You're working with tabular data (rows and columns with labels)
You need to merge, group, or pivot data
You want to handle missing data elegantly

In Practice: Most analysts use both — NumPy powers Pandas under the hood, and Pandas makes NumPy easier to use for tabular data.

Think of it this way...

If Pandas is Excel with programming, NumPy is a high-performance calculator. Pandas gives you tables and labels; NumPy gives you raw speed and mathematical power.

📦

NumPy Arrays — The Core Data Structure

A NumPy array is a grid of values, all of the same type. Unlike Python lists, arrays are fixed-size and homogeneous (all elements must be the same data type).

Creating Arrays

code.pyPython

import numpy as np

# From a Python list
arr = np.array([1, 2, 3, 4, 5])
print(arr)  # [1 2 3 4 5]

# 2D array (matrix)
matrix = np.array([[1, 2, 3], [4, 5, 6], [7, 8, 9]])
print(matrix)
# [[1 2 3]
#  [4 5 6]
#  [7 8 9]]

# Array of zeros
zeros = np.zeros(5)  # [0. 0. 0. 0. 0.]
zeros_matrix = np.zeros((3, 4))  # 3 rows, 4 columns

# Array of ones
ones = np.ones(5)  # [1. 1. 1. 1. 1.]

# Array with a range of values
range_arr = np.arange(0, 10, 2)  # [0 2 4 6 8] (start, stop, step)

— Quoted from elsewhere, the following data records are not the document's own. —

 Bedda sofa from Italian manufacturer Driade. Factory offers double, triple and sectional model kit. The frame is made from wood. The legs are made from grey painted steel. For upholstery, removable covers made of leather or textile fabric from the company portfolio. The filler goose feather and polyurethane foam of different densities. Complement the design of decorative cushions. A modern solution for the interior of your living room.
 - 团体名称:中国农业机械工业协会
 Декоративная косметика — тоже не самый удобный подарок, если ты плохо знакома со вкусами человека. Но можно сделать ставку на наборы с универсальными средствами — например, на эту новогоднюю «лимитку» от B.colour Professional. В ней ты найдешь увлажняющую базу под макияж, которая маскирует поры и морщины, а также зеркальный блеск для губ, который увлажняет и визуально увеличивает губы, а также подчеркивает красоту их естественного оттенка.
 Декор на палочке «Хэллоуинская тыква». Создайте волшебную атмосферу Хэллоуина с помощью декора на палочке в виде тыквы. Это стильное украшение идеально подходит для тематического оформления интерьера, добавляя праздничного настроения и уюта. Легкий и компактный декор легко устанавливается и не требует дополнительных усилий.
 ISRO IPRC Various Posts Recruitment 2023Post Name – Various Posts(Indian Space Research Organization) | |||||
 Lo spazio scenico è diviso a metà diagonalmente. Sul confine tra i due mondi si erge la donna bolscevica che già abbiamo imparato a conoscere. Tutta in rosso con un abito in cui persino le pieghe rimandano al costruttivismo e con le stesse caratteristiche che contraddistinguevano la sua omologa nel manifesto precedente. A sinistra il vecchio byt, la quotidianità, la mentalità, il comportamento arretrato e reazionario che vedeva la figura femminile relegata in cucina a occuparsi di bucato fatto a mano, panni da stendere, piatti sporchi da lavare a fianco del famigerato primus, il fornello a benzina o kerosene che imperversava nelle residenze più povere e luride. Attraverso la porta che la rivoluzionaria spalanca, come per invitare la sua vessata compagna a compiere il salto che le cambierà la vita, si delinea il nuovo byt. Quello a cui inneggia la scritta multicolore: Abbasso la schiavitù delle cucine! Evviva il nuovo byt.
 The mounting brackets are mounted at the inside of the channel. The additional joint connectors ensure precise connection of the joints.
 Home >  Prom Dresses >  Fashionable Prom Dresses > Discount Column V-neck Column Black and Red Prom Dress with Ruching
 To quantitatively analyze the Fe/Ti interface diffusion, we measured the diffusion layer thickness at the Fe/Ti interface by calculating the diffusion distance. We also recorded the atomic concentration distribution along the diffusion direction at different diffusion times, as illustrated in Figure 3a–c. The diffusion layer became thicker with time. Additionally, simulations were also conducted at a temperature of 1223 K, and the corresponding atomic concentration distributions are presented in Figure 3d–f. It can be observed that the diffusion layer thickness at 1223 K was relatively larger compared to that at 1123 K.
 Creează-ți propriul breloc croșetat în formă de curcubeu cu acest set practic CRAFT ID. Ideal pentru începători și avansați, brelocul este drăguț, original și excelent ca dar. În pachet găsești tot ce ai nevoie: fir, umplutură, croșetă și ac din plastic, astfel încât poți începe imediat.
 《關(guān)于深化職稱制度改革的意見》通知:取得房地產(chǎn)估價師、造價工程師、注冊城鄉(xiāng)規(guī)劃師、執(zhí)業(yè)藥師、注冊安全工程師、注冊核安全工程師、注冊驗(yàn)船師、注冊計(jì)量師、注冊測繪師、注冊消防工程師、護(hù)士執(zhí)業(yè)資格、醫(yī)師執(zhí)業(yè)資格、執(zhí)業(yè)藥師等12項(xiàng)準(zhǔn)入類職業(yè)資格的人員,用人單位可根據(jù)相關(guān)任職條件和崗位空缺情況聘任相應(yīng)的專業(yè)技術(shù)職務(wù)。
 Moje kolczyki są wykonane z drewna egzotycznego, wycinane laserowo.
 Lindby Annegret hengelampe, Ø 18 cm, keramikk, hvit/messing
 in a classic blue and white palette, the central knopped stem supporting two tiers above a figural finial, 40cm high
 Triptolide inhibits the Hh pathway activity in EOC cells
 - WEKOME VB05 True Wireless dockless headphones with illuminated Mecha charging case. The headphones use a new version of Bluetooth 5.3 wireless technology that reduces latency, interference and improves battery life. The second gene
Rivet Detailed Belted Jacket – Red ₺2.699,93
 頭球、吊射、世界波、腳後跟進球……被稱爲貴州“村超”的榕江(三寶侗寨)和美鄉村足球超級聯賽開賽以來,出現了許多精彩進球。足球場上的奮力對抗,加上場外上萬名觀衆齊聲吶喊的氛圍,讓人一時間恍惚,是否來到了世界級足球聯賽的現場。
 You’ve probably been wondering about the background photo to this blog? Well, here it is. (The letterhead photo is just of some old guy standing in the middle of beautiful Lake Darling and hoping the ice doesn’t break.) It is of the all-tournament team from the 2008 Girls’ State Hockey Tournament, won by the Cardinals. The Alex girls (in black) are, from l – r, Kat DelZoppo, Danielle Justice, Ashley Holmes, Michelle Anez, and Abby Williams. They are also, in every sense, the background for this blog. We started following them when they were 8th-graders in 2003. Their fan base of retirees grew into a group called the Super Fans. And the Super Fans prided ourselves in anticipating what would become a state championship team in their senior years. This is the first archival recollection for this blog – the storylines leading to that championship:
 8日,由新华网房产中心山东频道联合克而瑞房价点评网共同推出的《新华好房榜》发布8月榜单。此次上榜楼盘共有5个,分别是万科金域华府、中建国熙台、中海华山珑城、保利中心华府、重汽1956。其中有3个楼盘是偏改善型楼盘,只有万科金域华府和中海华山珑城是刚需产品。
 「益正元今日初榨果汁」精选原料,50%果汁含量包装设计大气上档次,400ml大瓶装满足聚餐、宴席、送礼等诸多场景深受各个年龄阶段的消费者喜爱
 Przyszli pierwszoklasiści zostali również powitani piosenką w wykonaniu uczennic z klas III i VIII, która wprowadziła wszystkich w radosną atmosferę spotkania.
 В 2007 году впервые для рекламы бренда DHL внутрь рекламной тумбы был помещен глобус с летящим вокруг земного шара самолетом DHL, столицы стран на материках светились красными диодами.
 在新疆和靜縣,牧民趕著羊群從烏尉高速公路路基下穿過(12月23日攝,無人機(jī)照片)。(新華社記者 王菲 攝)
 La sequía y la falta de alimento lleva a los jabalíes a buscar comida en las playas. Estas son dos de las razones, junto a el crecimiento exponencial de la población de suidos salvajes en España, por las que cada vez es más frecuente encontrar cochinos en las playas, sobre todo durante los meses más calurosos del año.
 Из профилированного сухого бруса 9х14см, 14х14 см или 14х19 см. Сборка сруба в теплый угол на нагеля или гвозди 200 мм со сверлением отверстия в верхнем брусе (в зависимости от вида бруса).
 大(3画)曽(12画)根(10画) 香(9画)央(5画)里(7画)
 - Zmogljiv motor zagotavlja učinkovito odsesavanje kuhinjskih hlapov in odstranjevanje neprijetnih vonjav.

# Array with evenly spaced values
linspace = np.linspace(0, 1, 5)  # [0.   0.25 0.5  0.75 1.  ] (start, stop, count)

# Random arrays
random_arr = np.random.rand(5)  # 5 random values between 0 and 1
random_int = np.random.randint(1, 100, size=10)  # 10 random integers between 1 and 99

Array Attributes

code.pyPython

arr = np.array([[1, 2, 3], [4, 5, 6]])

print(arr.shape)   # (2, 3) — 2 rows, 3 columns
print(arr.ndim)    # 2 — number of dimensions
print(arr.size)    # 6 — total number of elements
print(arr.dtype)   # dtype('int64') — data type of elements

Array Indexing and Slicing

code.pyPython

arr = np.array([10, 20, 30, 40, 50])

# Indexing (like Python lists)
print(arr[0])   # 10 (first element)
print(arr[-1])  # 50 (last element)

# Slicing
print(arr[1:4])  # [20 30 40] (index 1 to 3)
print(arr[:3])   # [10 20 30] (first 3)
print(arr[2:])   # [30 40 50] (from index 2 onward)

# 2D array indexing
matrix = np.array([[1, 2, 3], [4, 5, 6], [7, 8, 9]])
print(matrix[0, 0])    # 1 (row 0, column 0)
print(matrix[1, 2])    # 6 (row 1, column 2)
print(matrix[:, 1])    # [2 5 8] (all rows, column 1)
print(matrix[1, :])    # [4 5 6] (row 1, all columns)

Boolean Indexing (Filtering)

code.pyPython

amounts = np.array([2500, 3200, 1800, 4100, 2900])

# Filter: amounts greater than 3000
high_value = amounts[amounts > 3000]
print(high_value)  # [3200 4100]

# Multiple conditions
medium = amounts[(amounts > 2000) & (amounts < 4000)]
print(medium)  # [2500 3200 2900]

⚠️ CheckpointQuiz error: Missing or invalid options array

⚡

Array Operations and Vectorization

NumPy's superpower is vectorization — applying operations to entire arrays without explicit loops.

Arithmetic Operations

code.pyPython

amounts = np.array([2500, 3200, 1800, 4100, 2900])

# Scalar operations (applied to every element)
with_gst = amounts * 1.18
print(with_gst)  # [2950. 3776. 2124. 4838. 3422.]

discounted = amounts - 500
print(discounted)  # [2000 2700 1300 3600 2400]

# Element-wise array operations
revenue_day1 = np.array([45000, 38000, 52000])
revenue_day2 = np.array([48000, 39000, 55000])
total_revenue = revenue_day1 + revenue_day2
print(total_revenue)  # [93000 77000 107000]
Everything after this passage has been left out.